**THE TASK:**
With pictures omitted, copy exactly the lines from the one containing "元善光寺までは、駅を降りた先にある県道を左に歩いて約10分。" through the end of the records below.

**Stored records:**
- Opening Delimiter -
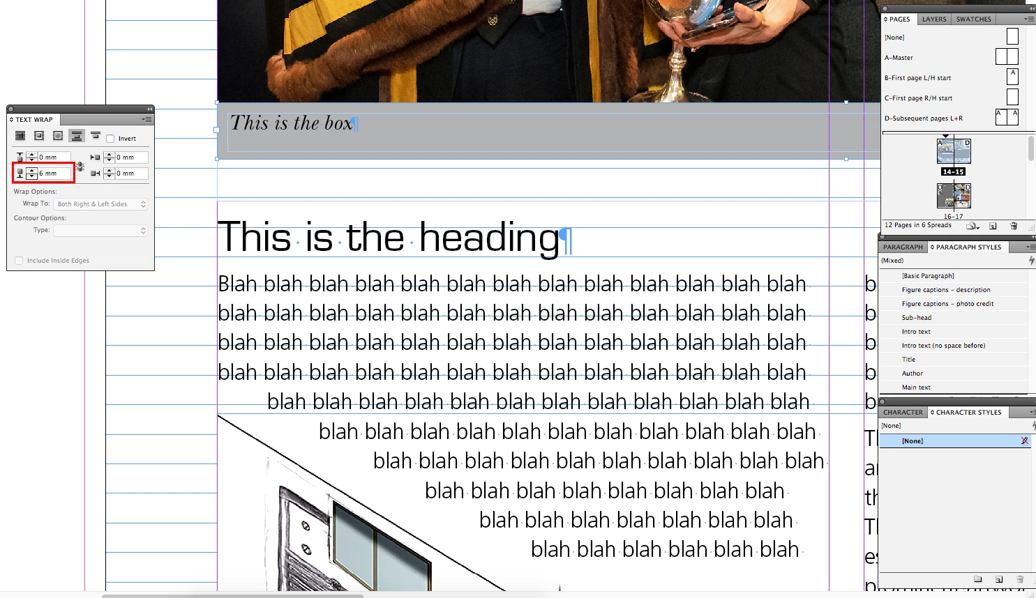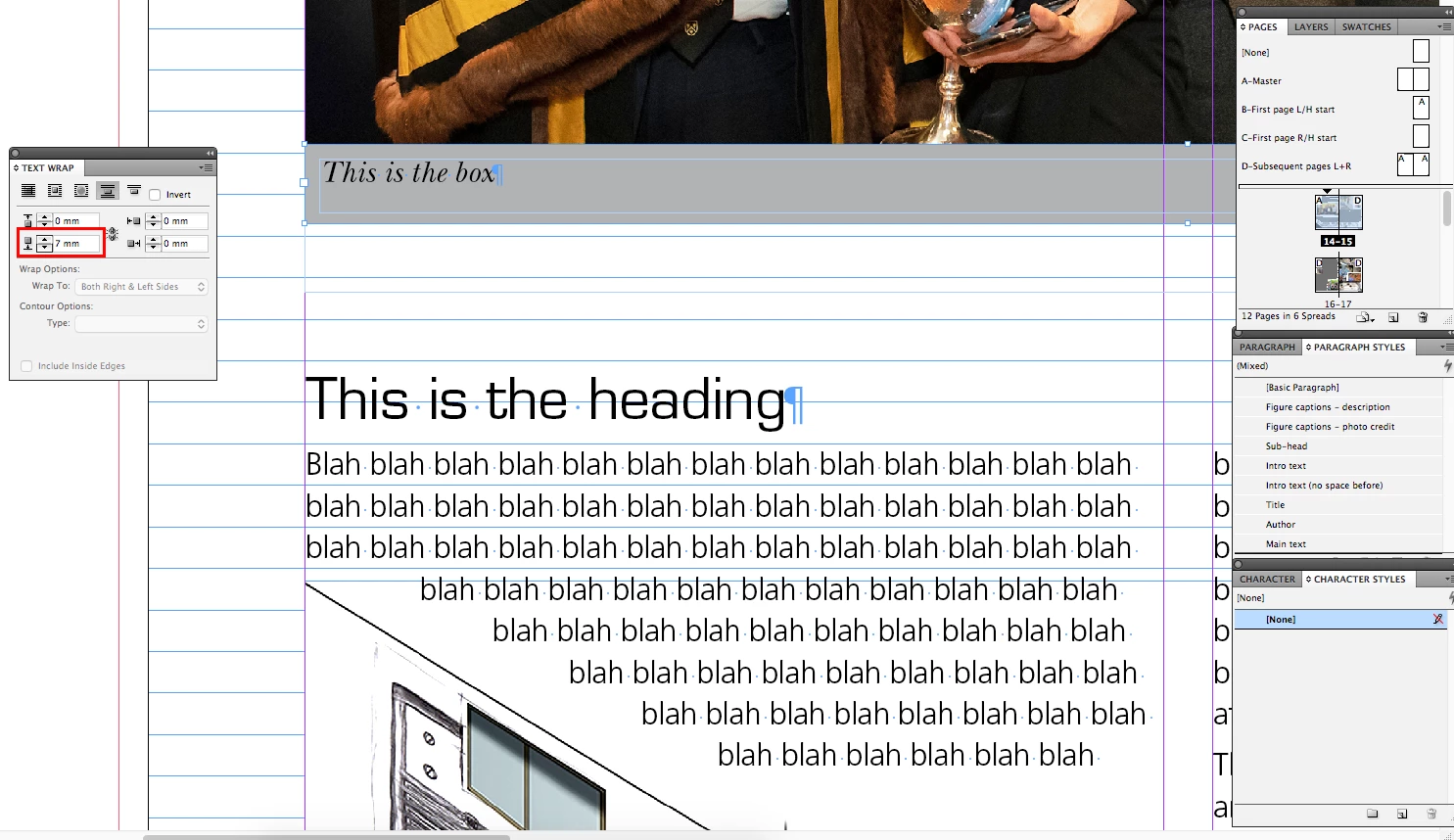 I have a weird problem where I have a heading paragraph following a box (which is not part of the text flow) and I can't get the paragraph any nearer to the box - it's currently >5mm away. The box has no text wrap on the bottom. When I add text wrap to the bottom of the preceding box the paragraph below doesn't move, until I get to a particular amount of text wrap (6mm) and then suddenly the paragraph jumps down. It's like the text has to move down one whole line rather than just however much the text wrap amount is, but the paragraph is not aligned to any grid. Also the text box has no vertical justification - it's set to "Align top". Can anyone suggest what the issue is?
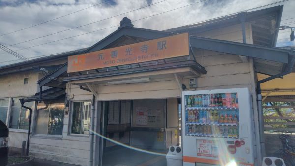 元善光寺までは、駅を降りた先にある県道を左に歩いて約10分。
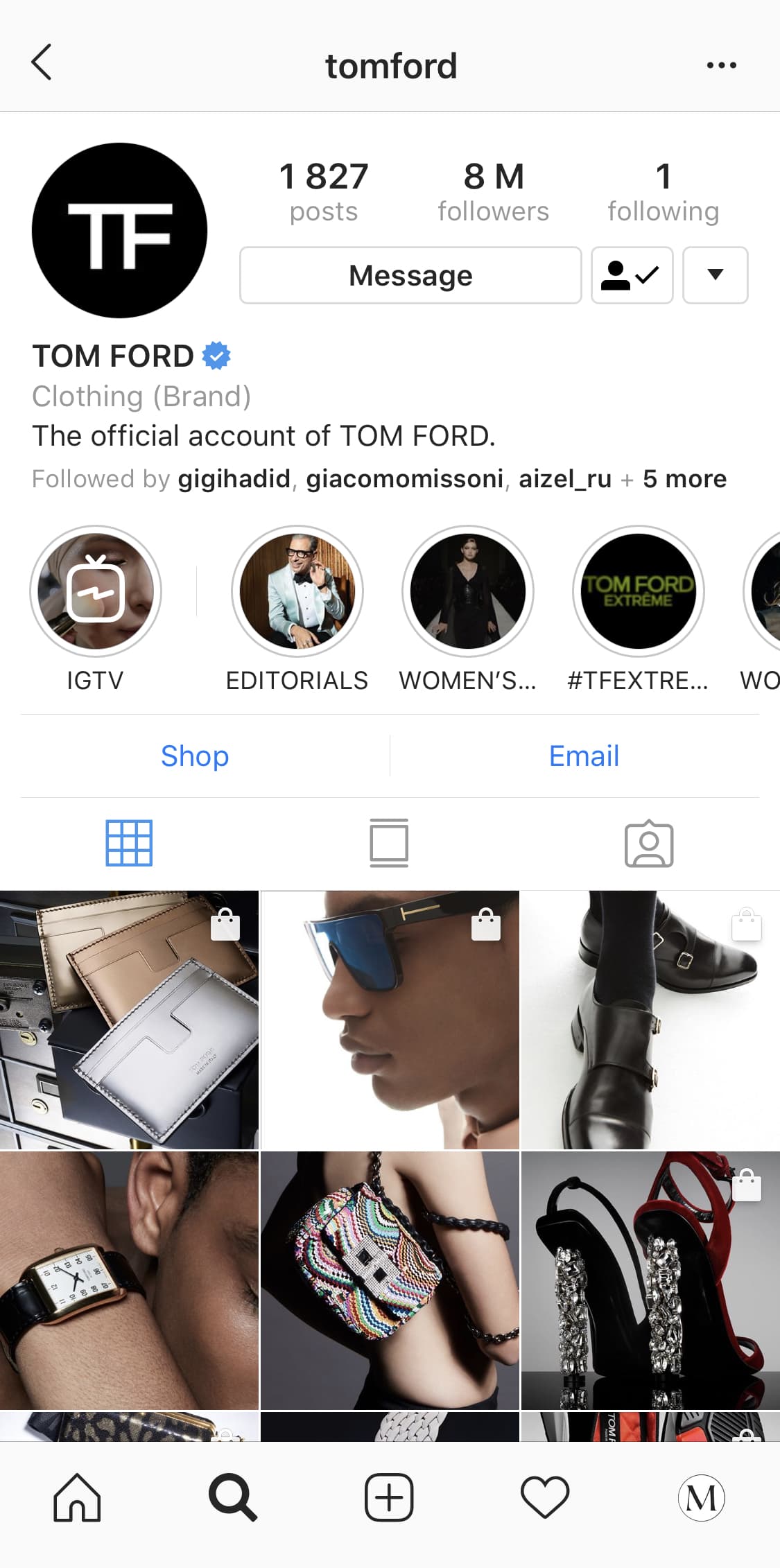 Модный дом Tom Ford выпускает мужскую и женскую одежду prêt-à-porter, сумки, часы, парфюмерию и косметику.
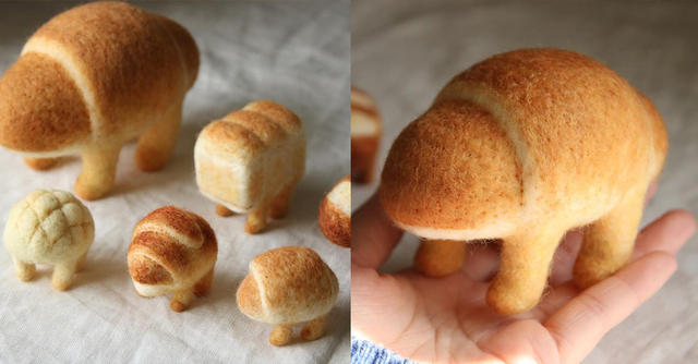 療癒的羊毛氈創作總是會在不知不覺中,抹平人們日常生活的許多煩惱,日本藝術家atelierhatena的羊毛氈作品,則是往奇幻、奇想、奇異的方向發展,用各種長腳的麵包來考驗大家的想像力,殊不知卻不小心開啟了大家「看到可愛事物就會忍不住尖叫」的開關,成功的在羊毛氈創作世界中,開創出另一種怪奇可愛的療癒路線。
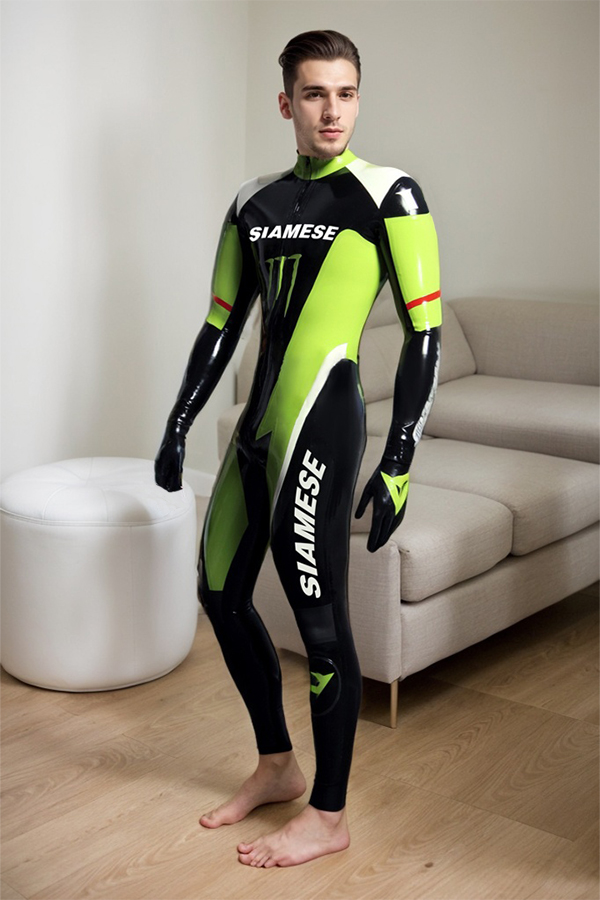 Full-body catsuit designed to replicate branded MotoGP rider leather, with five color options.
- Closing Delimiter -
**RESPONSE AREA:**
 元善光寺までは、駅を降りた先にある県道を左に歩いて約10分。
 Модный дом Tom Ford выпускает мужскую и женскую одежду prêt-à-porter, сумки, часы, парфюмерию и косметику.
 療癒的羊毛氈創作總是會在不知不覺中,抹平人們日常生活的許多煩惱,日本藝術家atelierhatena的羊毛氈作品,則是往奇幻、奇想、奇異的方向發展,用各種長腳的麵包來考驗大家的想像力,殊不知卻不小心開啟了大家「看到可愛事物就會忍不住尖叫」的開關,成功的在羊毛氈創作世界中,開創出另一種怪奇可愛的療癒路線。
 Full-body catsuit designed to replicate branded MotoGP rider leather, with five color options.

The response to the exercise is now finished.